Article by: Dave Anderson, Digital Performance Expert, Dynatrace
“The outage that Facebook users are experiencing is just another example of how difficult it’s becoming to keep the world’s software working perfectly. It’s hard for consumers to understand or even care about the complexity involved in delivering a constant flow of app improvements – but more often than not, problems like these are caused by some sort of software update, as appears to have been the case this time.
“The reality is that developing apps for the hundreds of variations in devices and operating systems is a continuous, never-ending cycle of release, monitor, fix, repeat and this process is becoming harder to manage. Today’s applications live in complex enterprise cloud ecosystems where a tiny and seemingly insignificant change to a single line of code has limitless implications for user experience.
“Adding to the challenge, software releases that were previously measured in weeks, became days and have now been reduced to just seconds. These are very rapid release cycles to fix bugs, optimise the app and make sure security is up to standard; which is likely why we’re seeing the issue with Facebook’s Android app, following what could have been just a minor update.

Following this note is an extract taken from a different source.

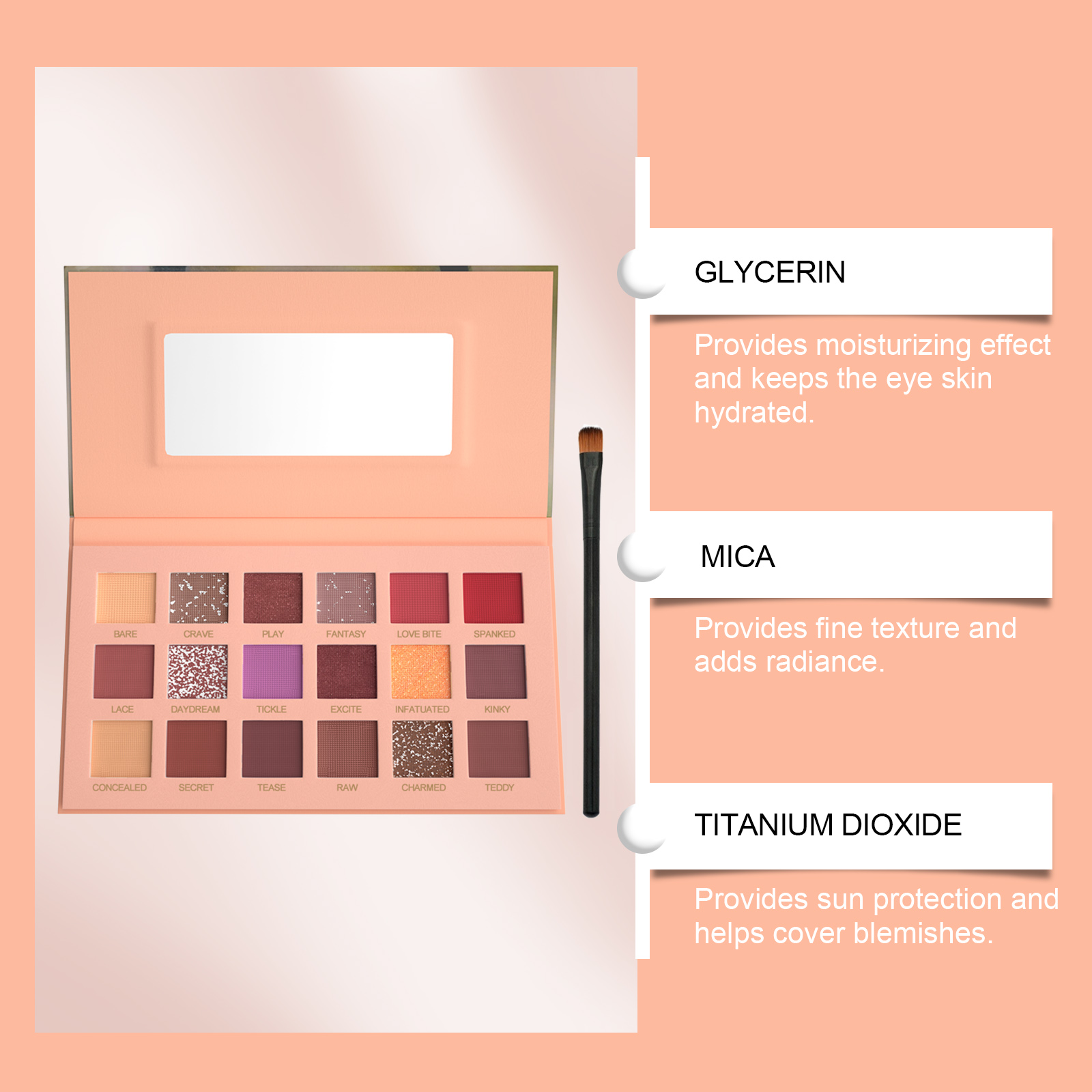 Our 18-color eyeshadow palette contains glycerin, mica, and titanium dioxide. It provides long-lasting moisture retention, keeping the eyes hydrated. The fine powder adheres to the skin without flaking. The application method is very simple: choose your favorite color, take an appropriate amount and apply it evenly on the skin around the eyes. There are various colors to meet different occasions' needs, and they can be easily matched to create personalized makeup. It is easy to color in, has a smooth texture, is easy to apply, has long-lasting makeup effect, and does not fade.

“The enormity of that challenge has simply become too great for human capabilities to overcome. That’s why organisations are increasingly turning to monitoring and intelligence platforms that can provide real-time situational awareness. At the heart of these platforms is AI that can pinpoint and even predict problems before they hit. To take this even further, some organisations are already using that intelligence to enable application self-healing which removes the need for manual human intervention to prevent outages like this from occurring.”